Walk both out-edges and in-edges

BidirectionalGraph

List all vertices

VertexListGraph

List all edges

EdgeListGraph

Check if an edge exists between two vertices

AdjacencyMatrix

Add/remove vertices and edges

MutableGraph

Read/write vertex or edge properties

PropertyGraph

Concept hierarchy

Graph concept refinement hierarchy

Each concept refines (extends) a simpler one. IncidenceGraph refines Graph. BidirectionalGraph refines IncidenceGraph. An algorithm that requires IncidenceGraph accepts any type that models BidirectionalGraph, VertexListGraph, or any other refinement.

Quick reference

Expression Return type

Graph (base concept)

graph_traits<G>::vertex_descriptor

Vertex handle

graph_traits<G>::edge_descriptor

Edge handle

graph_traits<G>::directed_category

directed_tag or undirected_tag

graph_traits<G>::edge_parallel_category

allow_parallel_edge_tag or disallow_parallel_edge_tag

IncidenceGraph refines Graph

out_edges(v, g)

pair<out_edge_iterator, out_edge_iterator>

source(e, g)

vertex_descriptor

target(e, g)

vertex_descriptor

out_degree(v, g)

degree_size_type

BidirectionalGraph refines IncidenceGraph

in_edges(v, g)

pair<in_edge_iterator, in_edge_iterator>

in_degree(v, g)

degree_size_type

degree(v, g)

degree_size_type

AdjacencyGraph refines Graph

adjacent_vertices(v, g)

pair<adjacency_iterator, adjacency_iterator>

VertexListGraph refines Graph

vertices(g)

pair<vertex_iterator, vertex_iterator>

num_vertices(g)

vertices_size_type

EdgeListGraph refines Graph

edges(g)

pair<edge_iterator, edge_iterator>

num_edges(g)

edges_size_type

AdjacencyMatrix refines Graph

edge(u, v, g)

pair<edge_descriptor, bool>

MutableGraph refines Graph

add_vertex(g)

vertex_descriptor

add_edge(u, v, g)

pair<edge_descriptor, bool>

remove_vertex(v, g)

void

remove_edge(u, v, g)

void

clear_vertex(v, g)

void

PropertyGraph refines Graph

get(property, g)

Property map object

get(property, g, x)

Property value for vertex/edge x

put(property, g, x, v)

Set property value

Undirected graphs

BGL uses the same interface for directed and undirected graphs. out_edges(), source(), and target() work on undirected graphs too. In an undirected graph, out_edges(v, g) returns all edges incident to v (there is no distinction between "in" and "out").

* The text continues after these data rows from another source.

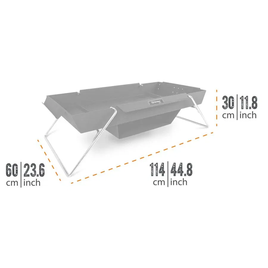 De Petromax Vuurtrog is een ruime vuurplaats die perfect is voor een kampvuur om bijvoorbeeld buiten op te koken met een Petromax Dutch Oven of Skillet! De grote Petromax Vuurtrog van 114 x 60 x 30 cm heeft een stevige constructie. Daarom maakt deze vuurplaats het ideaal om gerechten te garen, koken en warm te houden. Ook is het natuurlijk gewoon een veilige plaats voor een kampvuur. Gebruik de Petromax Vuurtrog in combinatie met de Petromax Fire Bridge om dé ideale set-up te maken voor een middag of avond buiten koken!
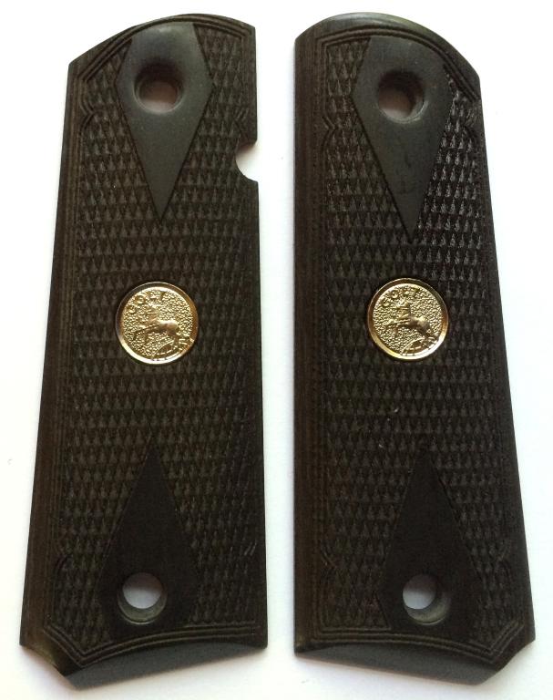 Colt 1911 Silverblack.Cut Checkered with Border.Silver Colt Medallions.
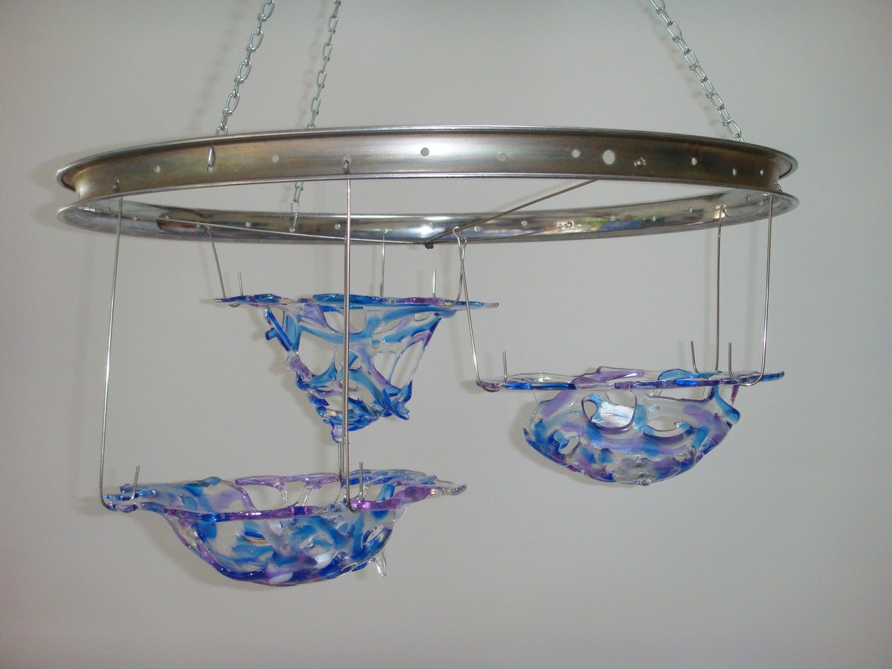 Drie ronde schalen van lichtblauw en paars Bullseyeglass en openingen hangend in metalen ring aan ketting.
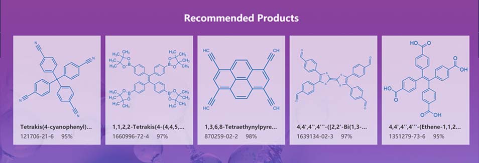 We've launched a series of new products, like tetraphenyl ethylene derivatives, organic photoelectronic materials and so on. The Recommended Products section will regularly present star products for your convenience to choose from.

The key difference is edge equality. In a directed graph, edge (u,v) is never equal to (v,u). In an undirected graph without parallel edges, they are the same edge. This also means edge properties are shared: weight(u,v) and weight(v,u) return the same value.

Do not subclass BGL graph types. Because graph_traits and property_map specializations are defined externally to the class, a subclass will not inherit them and many BGL functions will fail to compile.